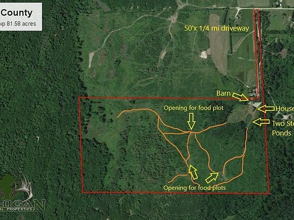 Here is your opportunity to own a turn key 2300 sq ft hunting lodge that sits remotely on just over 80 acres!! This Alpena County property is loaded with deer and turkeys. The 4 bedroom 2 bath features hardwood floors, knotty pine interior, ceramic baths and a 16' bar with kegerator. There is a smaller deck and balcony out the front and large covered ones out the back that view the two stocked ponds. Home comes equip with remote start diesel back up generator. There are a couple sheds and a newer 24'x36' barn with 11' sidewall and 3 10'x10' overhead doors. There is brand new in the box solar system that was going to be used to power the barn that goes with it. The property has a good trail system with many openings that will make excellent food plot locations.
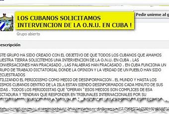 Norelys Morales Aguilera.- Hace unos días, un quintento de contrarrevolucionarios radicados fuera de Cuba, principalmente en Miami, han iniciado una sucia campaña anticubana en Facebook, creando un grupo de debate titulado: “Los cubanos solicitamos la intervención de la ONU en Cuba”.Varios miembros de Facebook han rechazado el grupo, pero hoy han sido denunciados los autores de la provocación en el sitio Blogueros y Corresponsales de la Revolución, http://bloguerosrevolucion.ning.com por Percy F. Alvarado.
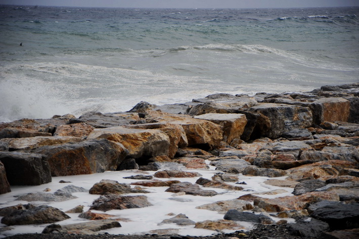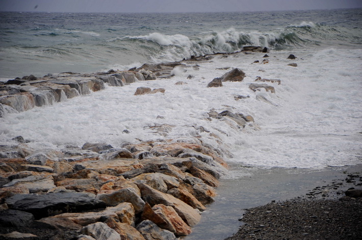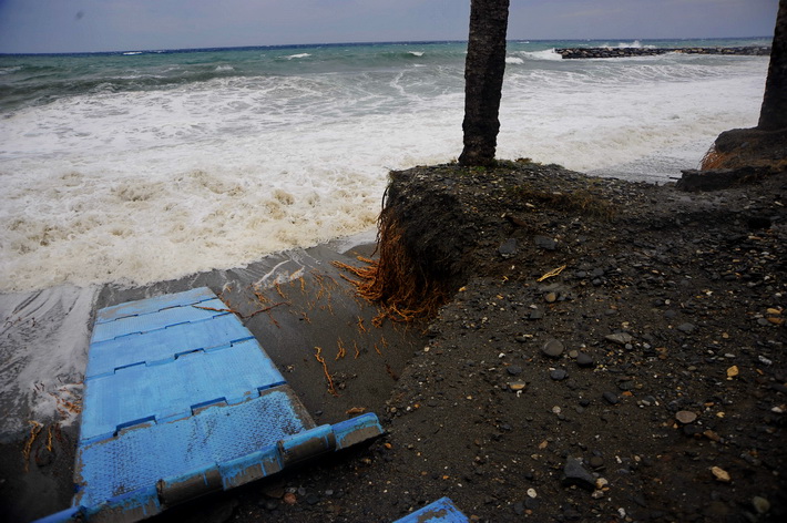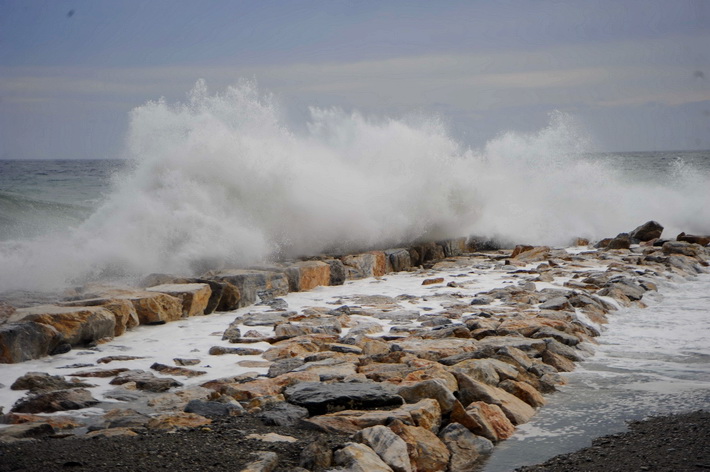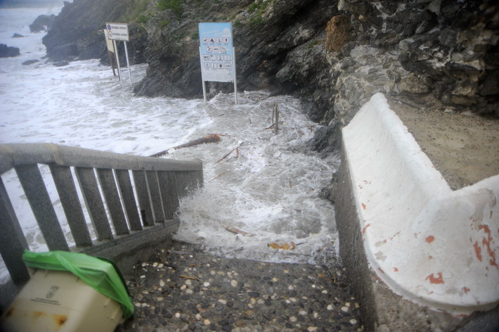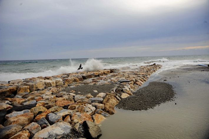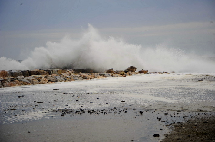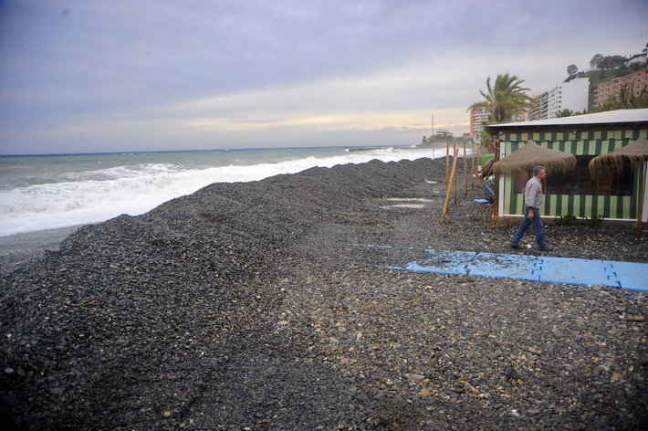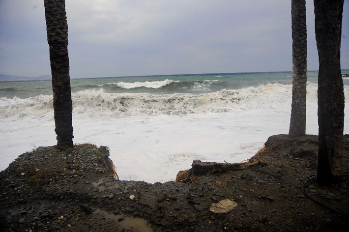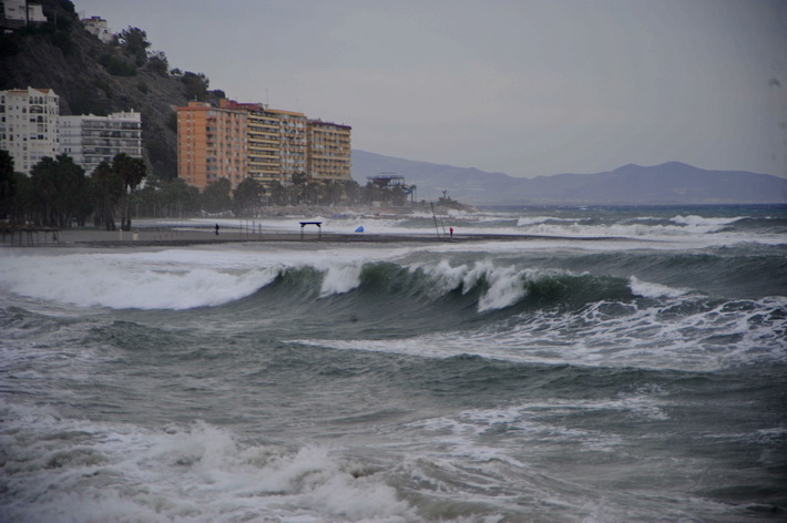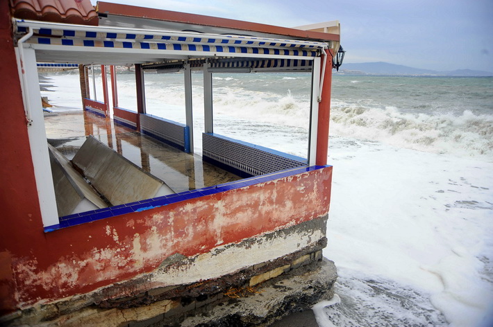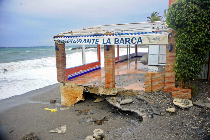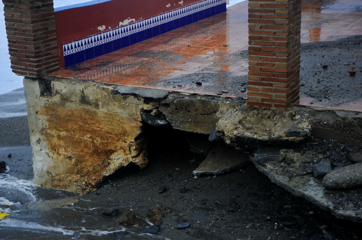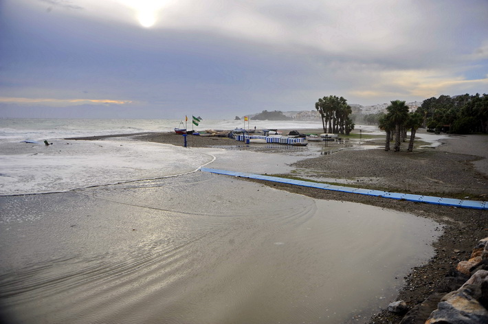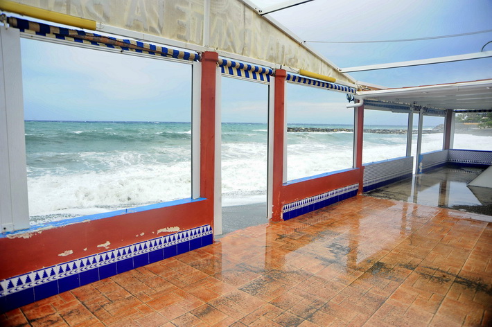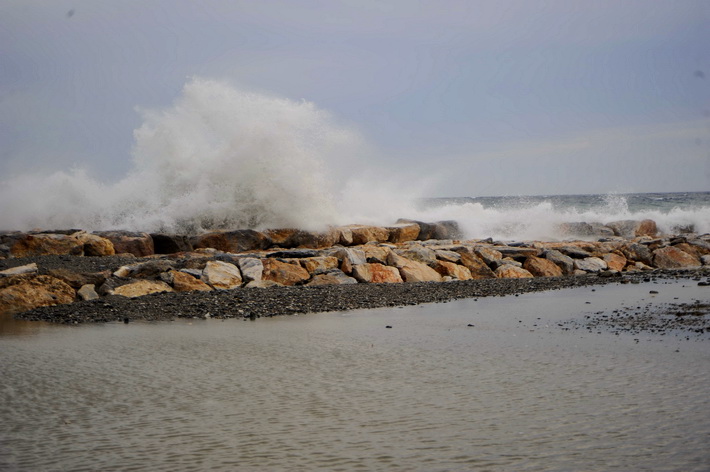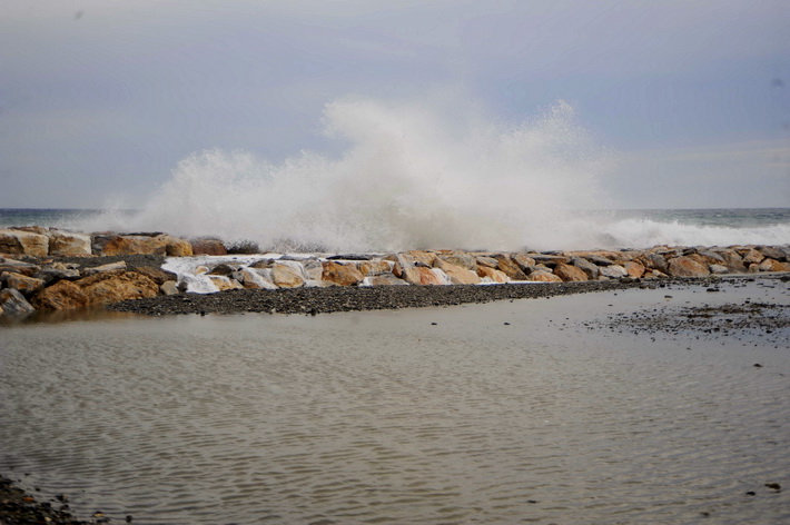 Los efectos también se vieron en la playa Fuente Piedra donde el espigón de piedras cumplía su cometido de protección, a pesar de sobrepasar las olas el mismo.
----
Exclude all pictures and reproduce verbatim the lines running from the line that contains "Norelys Morales Aguilera.- Hace" to the end of the data above, both ends included.

 Norelys Morales Aguilera.- Hace unos días, un quintento de contrarrevolucionarios radicados fuera de Cuba, principalmente en Miami, han iniciado una sucia campaña anticubana en Facebook, creando un grupo de debate titulado: “Los cubanos solicitamos la intervención de la ONU en Cuba”.Varios miembros de Facebook han rechazado el grupo, pero hoy han sido denunciados los autores de la provocación en el sitio Blogueros y Corresponsales de la Revolución, http://bloguerosrevolucion.ning.com por Percy F. Alvarado.
 Los efectos también se vieron en la playa Fuente Piedra donde el espigón de piedras cumplía su cometido de protección, a pesar de sobrepasar las olas el mismo.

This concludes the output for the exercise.